Relationship between Frequency and Volume in Blowing Air into a Bottle

[mtr]

Homework Statement

There is a plastic bottle into which we blow in such a way, that we receive a sound of freguency f. The bottle is filled with water that has volume V. Prove, that $$f=f_{0}(\frac{V}{V_{0}})^{\alpha}$$, where $$f_{0}, V_{0}, \alpha$$ are constants.

Homework Equations

The Attempt at a Solution

I always thought, that the wavelength is directly proportional to height of an empty part of the bottle, but then f is inversely proportional to V. Is there any mistake in this task?

 

[alphysicist]

Hi mtr,

Homework Statement

There is a plastic bottle into which we blow in such a way, that we receive a sound of freguency f. The bottle is filled with water that has volume V. Prove, that $$f=f_{0}(\frac{V}{V_{0}})^{\alpha}$$, where $$f_{0}, V_{0}, \alpha$$ are constants.

Homework Equations

The Attempt at a Solution

I always thought, that the wavelength is directly proportional to height of an empty part of the bottle,

As the height of the air space decreases, the wavelength will decrease also.

but then f is inversely proportional to V.

What is your reasoning for saying that?

 

[mtr]

As the height of the air space decreases, the wavelength will decrease also.

That's right, but considering the wavelength, we know, that $$\lambda = 2L$$ so when L decreases, lambda decreases proportionally to the 1st power of L and inversely proportionally to the 1st power of V.

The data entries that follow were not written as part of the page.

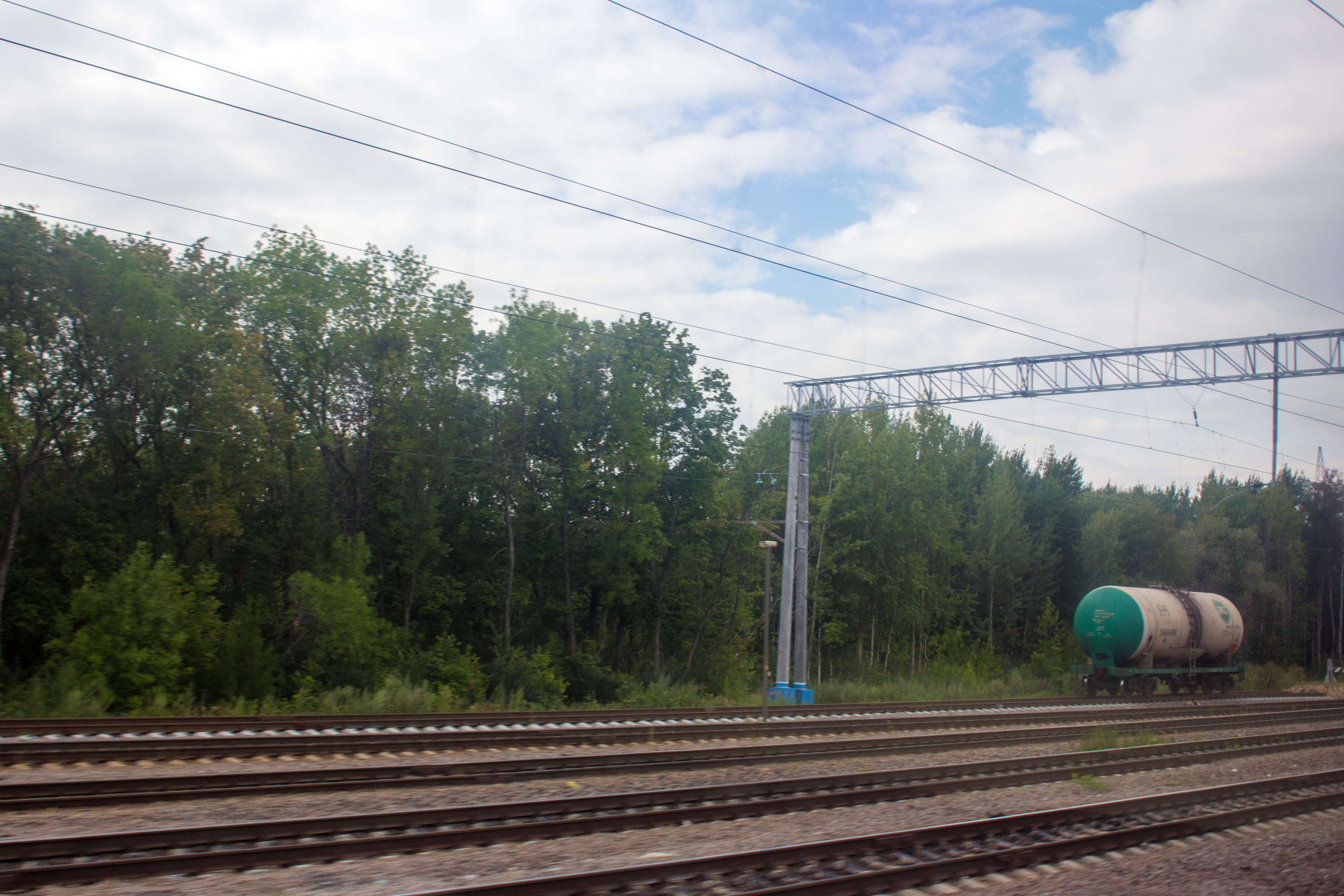 View from train window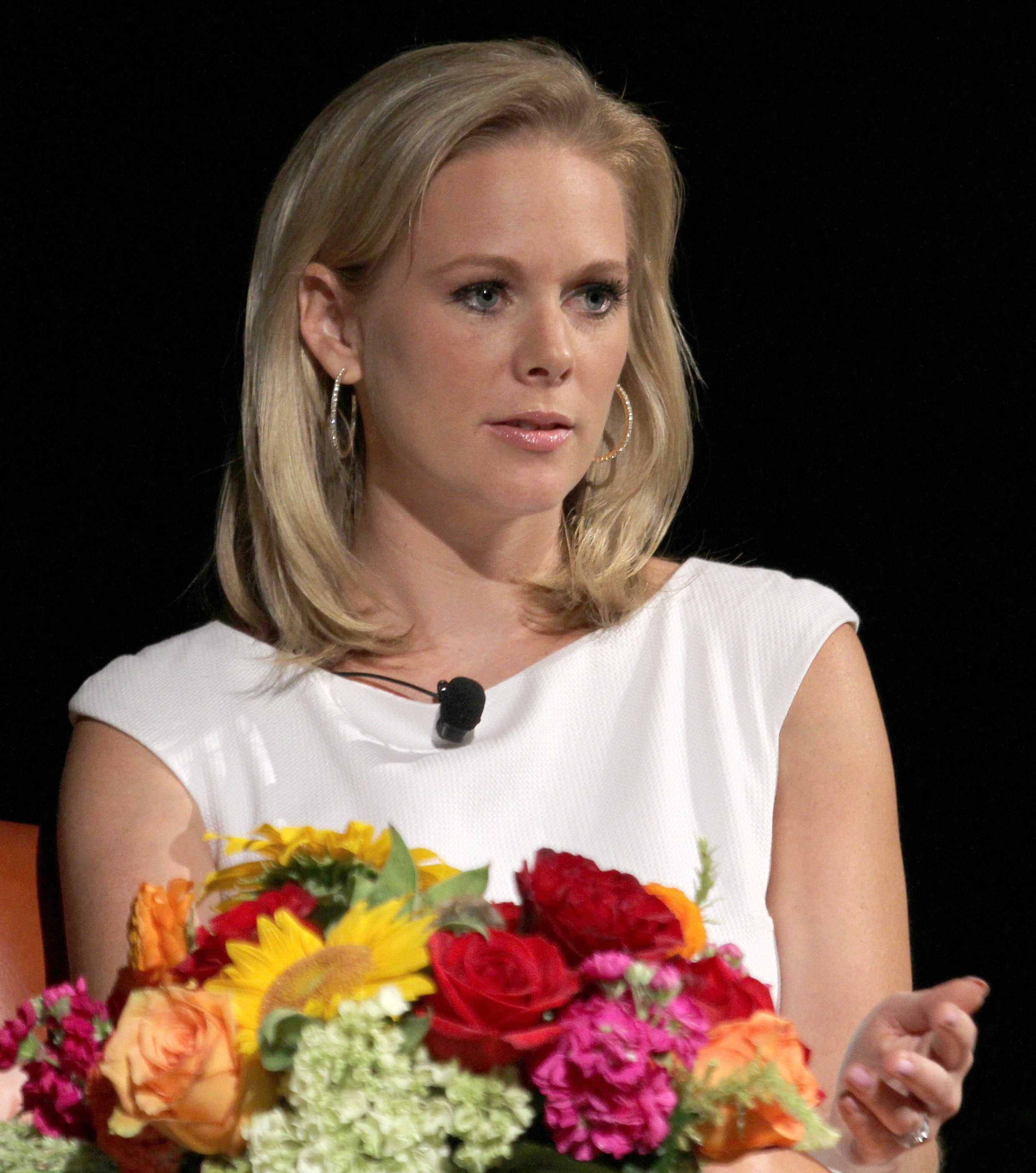 Margaret Hoover, great-granddaughter of President Herbert Hoover, speaking at the Lyndon Baines Johnson Library and Museum.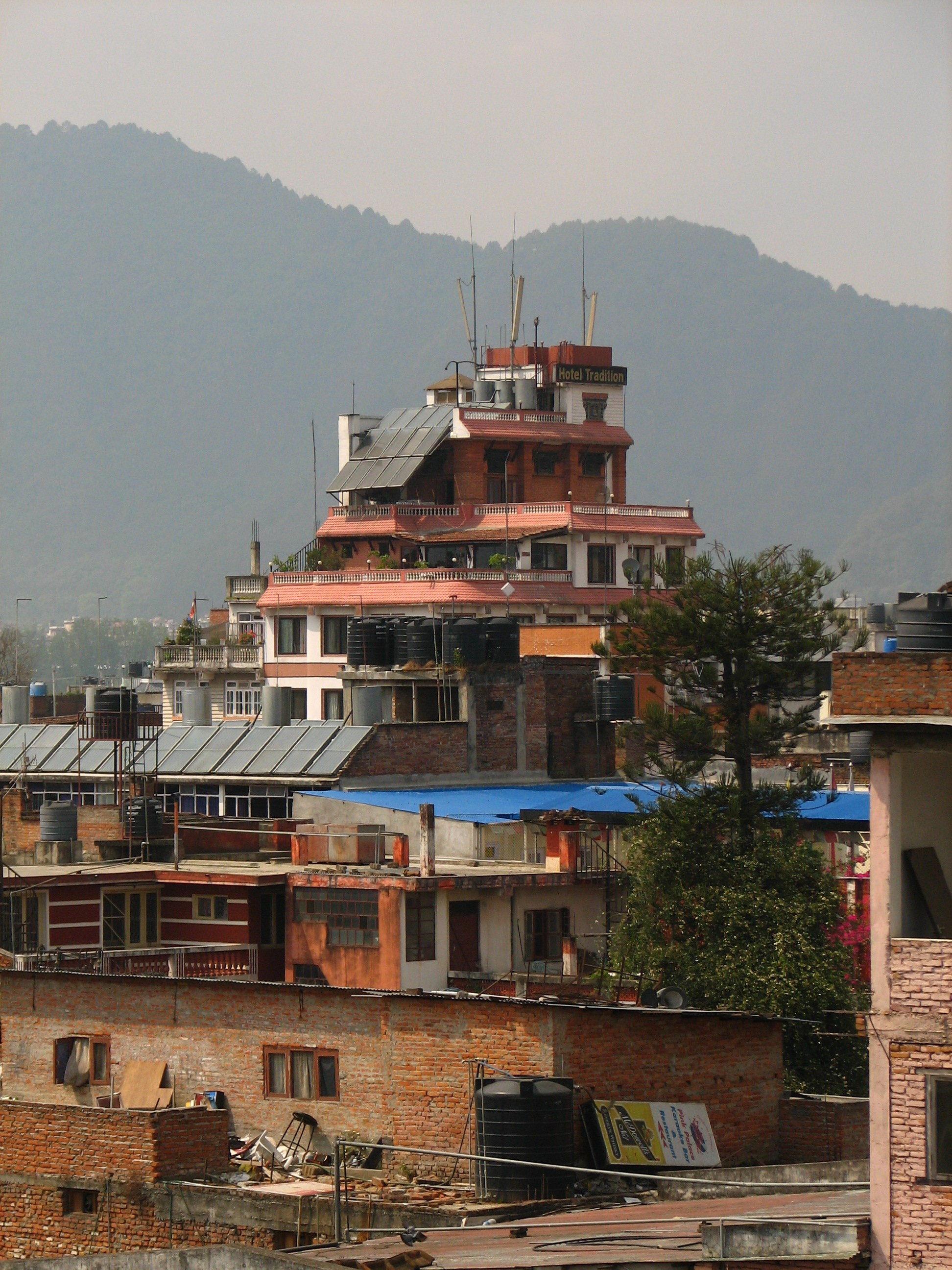 The other view of the Thamel district of Kathmandu: the rooftops. Above street level, the houses, shops and restaurants formed a complex 3-D landscape. Many restaurants would have a hidden patio or even more than one on different levels, looking out at unique vantage points.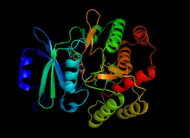 A 3D depiction of APH(3')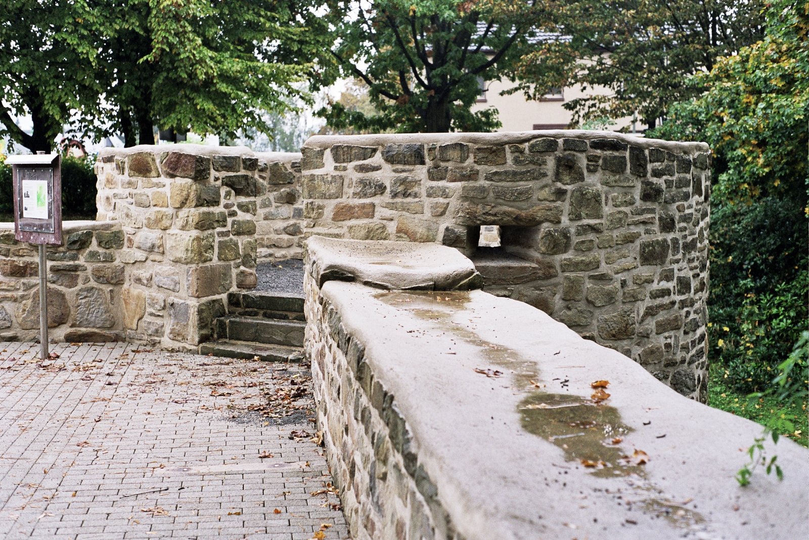 Altendorf Castle in Essen-Burgaltendorf, south-western round tower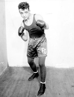 "Full-length portrait of pugilist Frankie Genaro standing in a boxing stance in front of a light-colored backdrop in a room in Chicago, Illinois."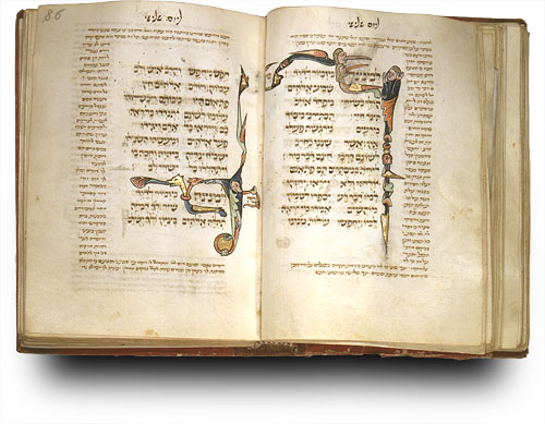 Psalm 64 (fol 85b) - A human figure raises both hands to shield himself from two hybrids with human heads that dart at him from the left, with monstrously long and pointed red tongues. It is a close visual translation of vv. 2-4 (1-3), 'Hear my voice, ... preserve my life, ... hide me from ... the scheming of evildoers, who whet their tongues like swords, who aim bitter words like arrows'. Psalm 65 (fol 86a) - The figure with an arm outstretched and a dog's face in the opening of his hood is the 'choirmaster'. 'Praise waiteth for Thee, O God, in Zion; and unto Thee the vow is performed.'

What is your reasoning for saying that?

I can see my mistake. In fact it is lambda inversly proportional to V so f is directly proportional to V.

Still, I made an experiment and it looks like there is such a formula: $$f=f_{0} \alpha^{\frac{V}{V_{0}}}$$
Actually I'm even more confused with this. Still the formula given in the task cannot be correct, because when V=0, f does NOT equal 0.

 

[alphysicist]

That's right, but considering the wavelength, we know, that $$\lambda = 2L$$ so when L decreases, lambda decreases proportionally to the 1st power of L and inversely proportionally to the 1st power of V.

Think of the bottle as a cylinder. This would be like a pipe with one end closed, so the fundamental wavelength is 4L, if L is the height of the air column.

But I don't think the wavelength is inversely proportional to V, as you've seen when you looked at the frequency. As V increases, the wavelength decreases, but not proportionally.

I can see my mistake. In fact it is lambda inversly proportional to V so f is directly proportional to V.

Still, I made an experiment and it looks like there is such a formula: $$f=f_{0} \alpha^{\frac{V}{V_{0}}}$$
Actually I'm even more confused with this. Still the formula given in the task cannot be correct, because when V=0, f does NOT equal 0.

Was the problem that you had in the original post all that there was? There were no diagrams, or approximate ranges given? By treating the bottle as a cylinder you can get an exact result, which does not match with $f\propto V^{\alpha}$ from your original post.

If I'm reading the problem correctly, and you haven't overlooked any parts of the problem in your post, then I would agree that the formula in the original post does not seem to be an exact answer.

 

[mtr]

But I don't think the wavelength is inversely proportional to V, as you've seen when you looked at the frequency. As V increases, the wavelength decreases, but not proportionally.

Well, I won't argue with that ;)


There were no additional information. They also do not say anything about the bottle's shape, so I suppose it can be any.